Dr
Bob Grant of the iPrEx study team provided the first data on
iPrEx-OLE, where OLE stands for Open-Label Extension. In this study,
participants in the
original iPrEx placebo-controlled study, which reported an
overall efficacy of 44% for tenofovir/FTC-based PrEP, were invited to
join an extension study in which they all received tenofovir/FTC. The hope was that, if subjects knew they were not taking a
placebo, adherence and therefore efficacy might be higher.
The
efficacy results for iPrEx-OLE will be published in 2014, but Grant
announced data at IAS 2013 on factors associated with participants wanting to
join iPrEx-OLE and staying in it, and also on drug levels in all
participants – seen as the gold-standard way of ascertaining
adherence.
In
terms of recruitment, 2340 people were eligible to join iPrEx-OLE,
and 1526 of these (65%) said they wished to enrol in the open-label
study, but only 1038 (44%) actually started taking PrEP.
Of those who did not continue, 15% dropped out as the placebo-controlled
trial was still ongoing, 8% in the time gap between studies, and 12% just
before iPrEx-OLE started, at the time the results of the
placebo-controlled study were unblinded and individuals learned what
they had taken. Another 5% became HIV positive in the gap between
trials.
By
far the most common reason for not
continuing was concern about side effects: 49% of non-continuers
cited this as a concern.
Other concerns were less common:14% said
they could manage their HIV risk without PrEP, 15% said they didn't
like taking a pill daily, and 12% said they didn't like taking the
pills at all. Seven per cent feared people would think they had HIV
if they took PrEP and 3% feared it would 'out' them as gay. Nine per
cent feared developing drug resistance. These are non-exclusive
figures: people could cite more than one reason.
People
who elected to continue into iPrEx-OLE were older (76% of over-30s
continued versus 68% of under-25s) and were less well educated.
Wishing to continue was related to HIV risk: 79 and 74% of those who had
anal sex with, and without, a condom versus 64% who said they did not
have anal sex continued into iPrEx-OLE.
Perhaps
surprisingly, 62% of the roughly 50% of placebo-controlled study
participants who had undetectable drug levels wanted to continue: 75%
of those who always had detectable drug levels did.

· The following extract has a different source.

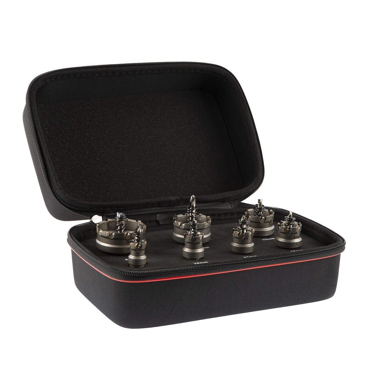 Teeth per Inch (25mm): 1 Cutting Depth: <3mm Box: EVA case for unbreakable protection Pieces in kit: 7 Colour: Grey Body Material: Steel Teeth Type: TCT Arbor Type: One piece Pilot Drill: SMD6 Core Ejector: Not required, spring pre-fitted

Drug-level monitoring was done in all participants, using a test sensitive
to one dose of drug in the previous three days. To avoid the 'white
coat effect', where non-adherent subjects take a pill immediately
before their clinic visit, a drug level test was performed on either
week 4, week 8, or week 12 of the study, but participants were not
told which.
Detectable
drug was found in 61 to 71% of subjects. Except for one US site, drug detection was more common in all participants in
iPrEx-OLE than in the original trial. However, rates of drugs detection were
only slightly higher in the other
US sites and the Brazilian, Thai and South African sites. In the sites
in Peru and Ecuador, however, where only 30% with detectable drug was found at
some sites in the original trial, over 61% had detectable drug at all sites, indicating a
doubling of adherence.
Detectable
drug was associated with older age and higher education: there was a
slight tendency for participants who had condomless sex to have less
detectable drug, but this was not statistically significant.
Asked
if he was disappointed that about 65% of 44% of participants in the
original study (28%) both elected to continue into iPrEX-OLE and take
the study drug, Bob Grant pointed out that taking PrEP daily was not
a requirement of staying in iPrEx-OLE: participants could stop and
restart PrEP in consultation with researchers and if they agreed to an
HIV test before resumption.
He
added: “PrEP is not for everyone, or even necessarily for a
majority. We feel however that PrEP is an indication for a lot of
people who for one reason or another cannot access or use condoms.
"We
are also finding consistently that HIV prevention methods are
synergistic and do not detract from each other: starting PrEP may
well also involve testing more often, being linked to care if you do
test positive, and accessing a range of support.”